Two decades of preparation on the edge of destruction, all because of two inches of ink.
Foster’s face twisted, his hands crumpling into fists as they rose up and crashed onto his desk. Slicing pain erupted from his right hand where it had sheared the metal pocket clip off his advisor’s pen.
He forced himself into calmness as he produced a handkerchief from his breast pocket, wrapping it around the shallow gash in the side of his palm. The white cloth bloomed crimson.
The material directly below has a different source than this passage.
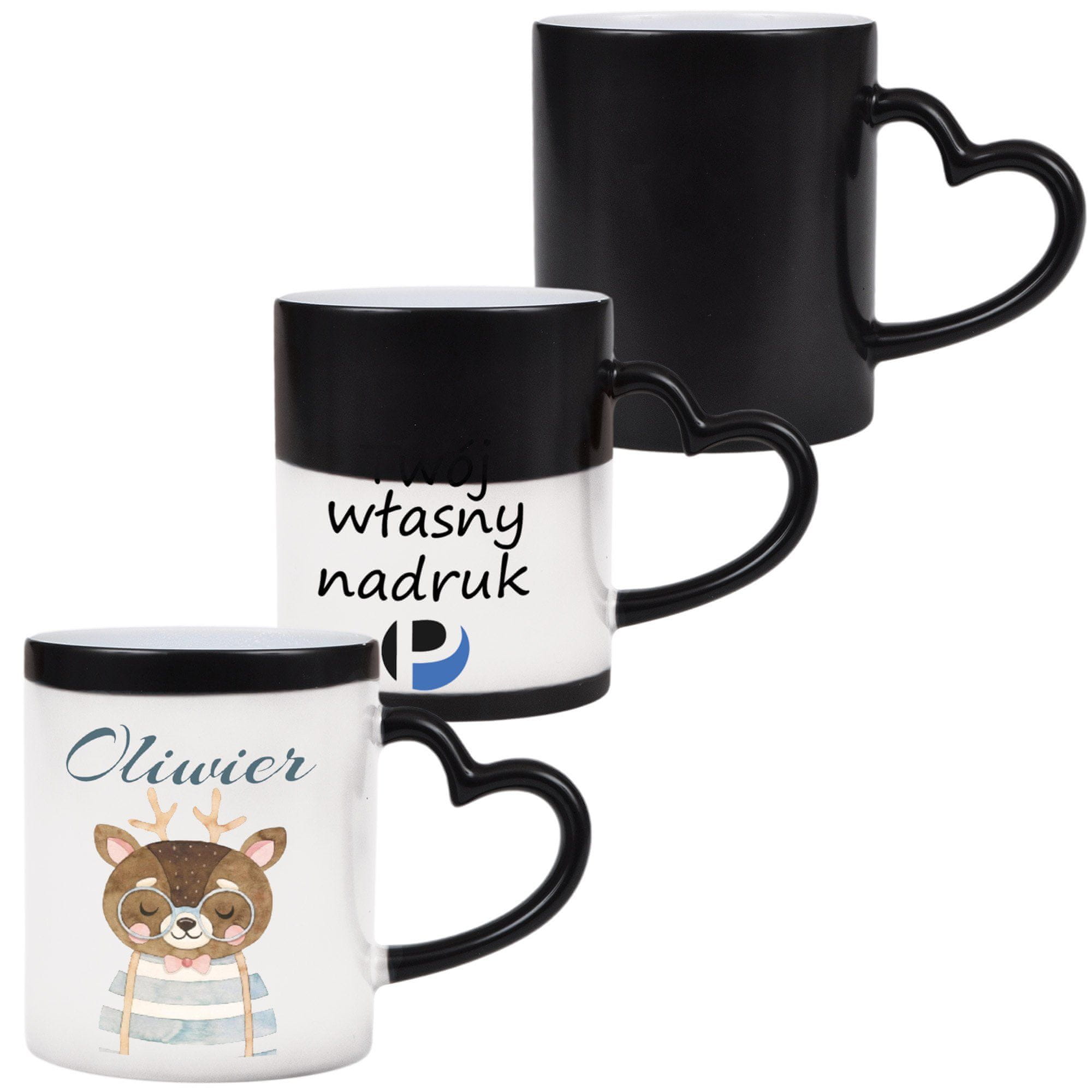 Ta elegantna črna skodelica z očarljivim ročajem v obliki srca na prvi pogled razkrije skriti potisk, ko vanjo natočite vročo pijačo! Je popolno darilo za ljubljeno osebo ali izviren pripomoček zase. Personaliziran potisk bo vsakemu požirku kave ali čaja dodal edinstven pomen.

Foster looked up at his desk and saw that the silver-framed photo had fallen backwards on its stand. He stood it back up with his bleeding hand, and paused to look at it a moment longer. A slender sable-haired woman wearing a curving wedding gown held a bouquet of roses in the crook of one arm. She stood next to a young man not yet in his thirties. Foster could still remember the wedding, and the vows he had scribbled together the night before the rehearsal. He was thinner back then, and his brown hair had yet to turn that handsome grey at the temples his wife would never get to see. The two grinned at the camera, the hazy outline of the Spanish Peaks spread out over the plains behind them.
He smiled for a moment, and then it was gone. He picked up his phone’s receiver and dialed. The other line picked up on the first ring.
“Fawkes,” a heavy voice answered.
Foster leaned forward, his eyes fixed on the black circle. “Andrei. The schedule’s changing.”